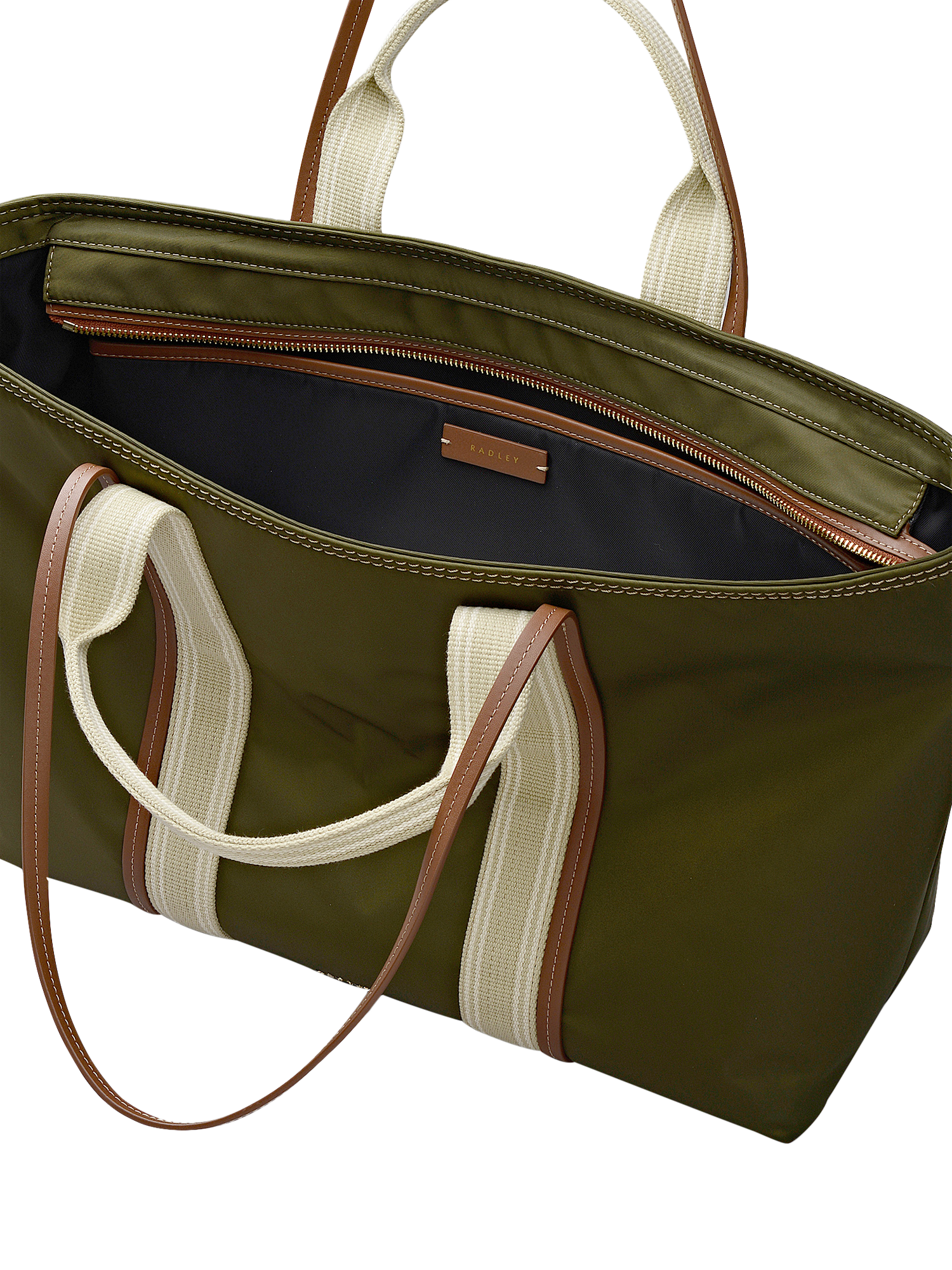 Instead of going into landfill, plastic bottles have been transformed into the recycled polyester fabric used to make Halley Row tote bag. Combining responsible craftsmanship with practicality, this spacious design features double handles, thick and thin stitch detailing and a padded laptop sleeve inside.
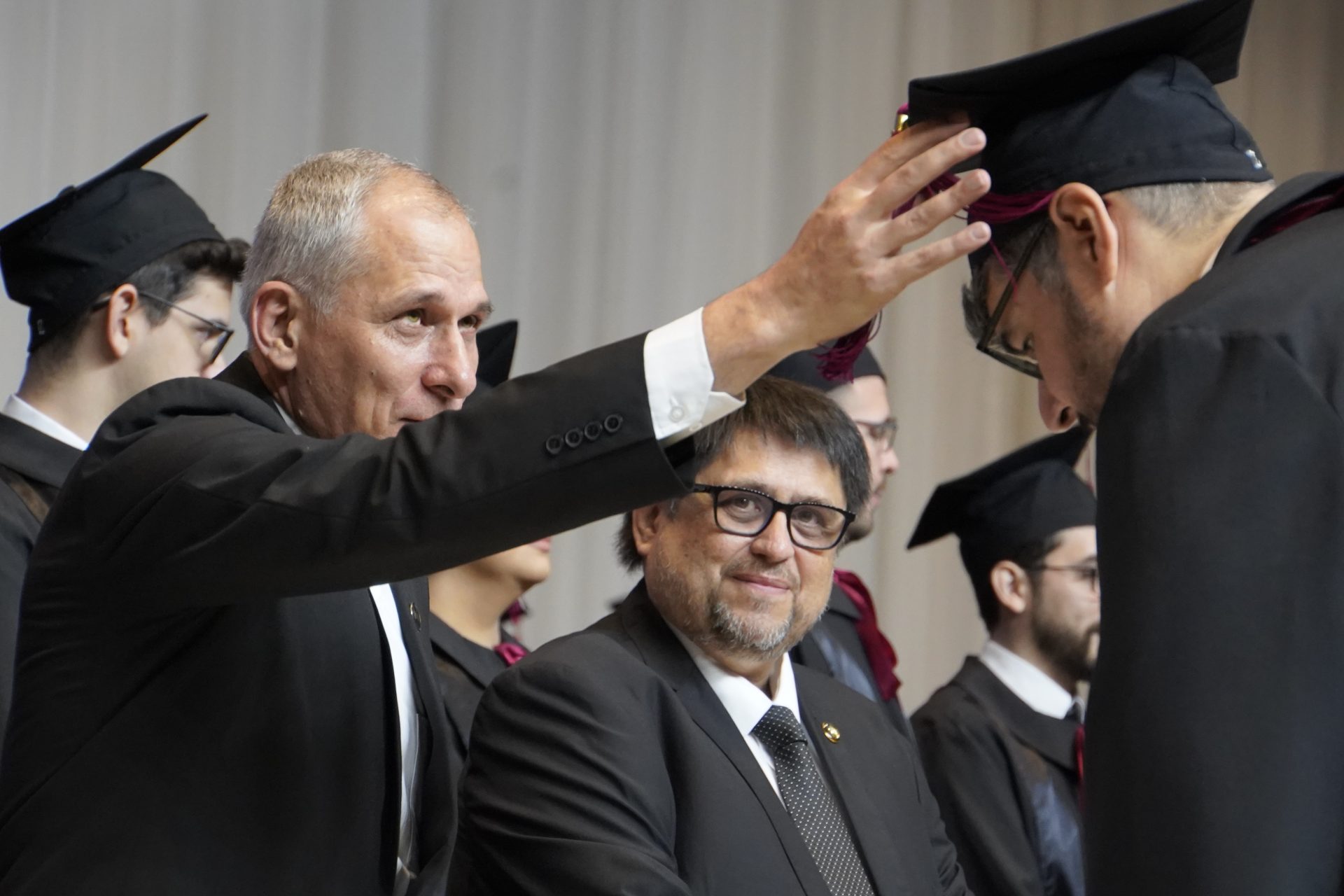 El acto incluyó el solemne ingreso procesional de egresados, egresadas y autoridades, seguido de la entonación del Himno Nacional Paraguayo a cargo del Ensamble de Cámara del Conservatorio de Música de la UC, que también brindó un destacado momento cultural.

* * *

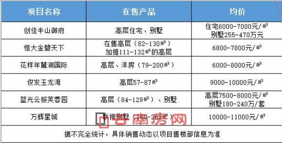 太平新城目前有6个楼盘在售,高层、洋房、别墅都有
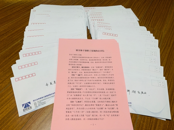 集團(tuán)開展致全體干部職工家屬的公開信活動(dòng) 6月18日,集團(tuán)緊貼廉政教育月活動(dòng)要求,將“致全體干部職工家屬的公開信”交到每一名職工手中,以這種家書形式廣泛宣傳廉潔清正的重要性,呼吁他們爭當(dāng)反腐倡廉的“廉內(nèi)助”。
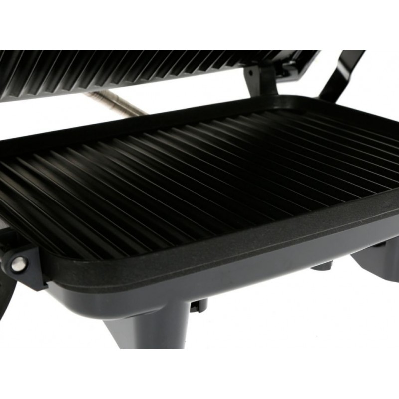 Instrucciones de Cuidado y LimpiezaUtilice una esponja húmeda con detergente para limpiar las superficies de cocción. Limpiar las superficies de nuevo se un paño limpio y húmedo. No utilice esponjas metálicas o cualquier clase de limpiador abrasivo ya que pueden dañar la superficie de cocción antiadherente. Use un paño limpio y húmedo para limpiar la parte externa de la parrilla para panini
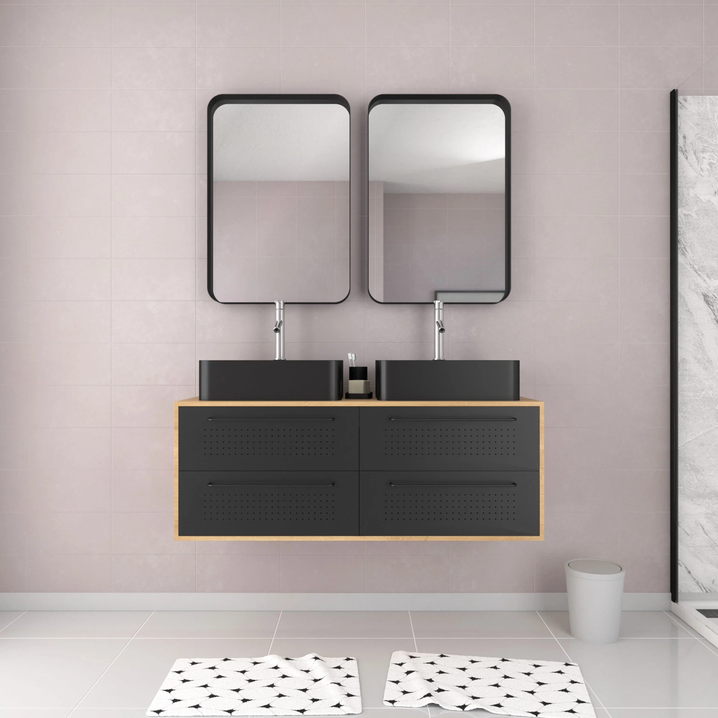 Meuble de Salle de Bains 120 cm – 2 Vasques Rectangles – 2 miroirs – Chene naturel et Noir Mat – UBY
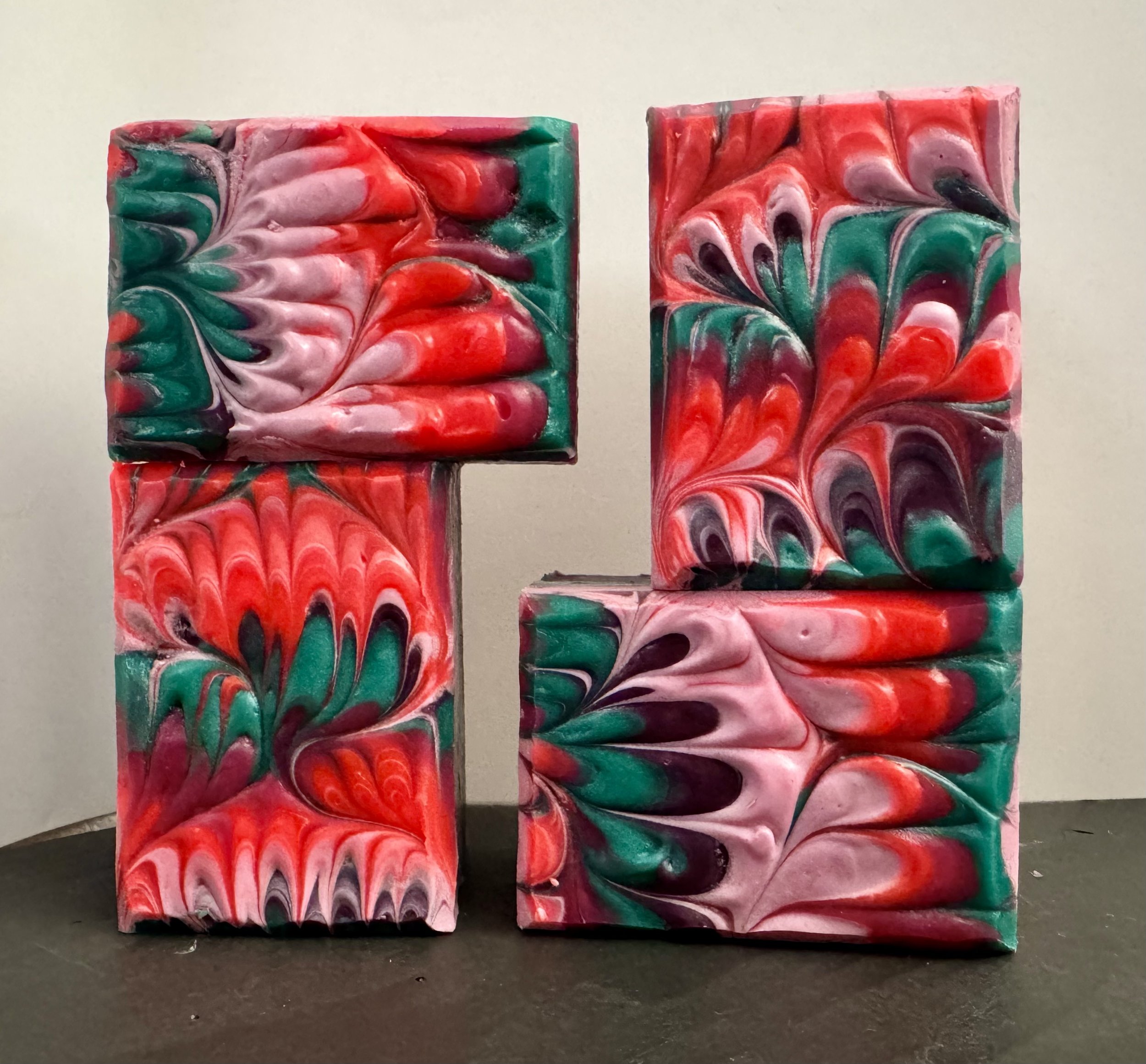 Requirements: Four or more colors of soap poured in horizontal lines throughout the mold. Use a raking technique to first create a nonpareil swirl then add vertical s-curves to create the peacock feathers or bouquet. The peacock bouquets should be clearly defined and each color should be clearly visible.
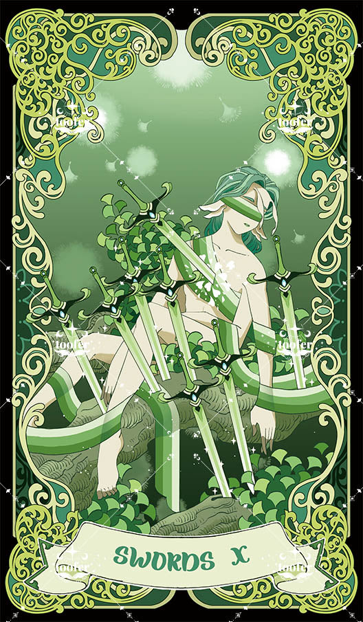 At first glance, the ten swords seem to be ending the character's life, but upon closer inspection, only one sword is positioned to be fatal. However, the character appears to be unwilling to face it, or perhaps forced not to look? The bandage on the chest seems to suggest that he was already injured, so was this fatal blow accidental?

§ YOUR TASK
Within the listing above, copy exactly the lines that start at the one with "太平新城目前有6个楼盘在售,高层、洋房、别墅都有" and continue through the one with "Meuble de Salle". Omit pictures.

§ SOLUTION BELOW
 太平新城目前有6个楼盘在售,高层、洋房、别墅都有
 集團(tuán)開展致全體干部職工家屬的公開信活動(dòng) 6月18日,集團(tuán)緊貼廉政教育月活動(dòng)要求,將“致全體干部職工家屬的公開信”交到每一名職工手中,以這種家書形式廣泛宣傳廉潔清正的重要性,呼吁他們爭當(dāng)反腐倡廉的“廉內(nèi)助”。
 Instrucciones de Cuidado y LimpiezaUtilice una esponja húmeda con detergente para limpiar las superficies de cocción. Limpiar las superficies de nuevo se un paño limpio y húmedo. No utilice esponjas metálicas o cualquier clase de limpiador abrasivo ya que pueden dañar la superficie de cocción antiadherente. Use un paño limpio y húmedo para limpiar la parte externa de la parrilla para panini
 Meuble de Salle de Bains 120 cm – 2 Vasques Rectangles – 2 miroirs – Chene naturel et Noir Mat – UBY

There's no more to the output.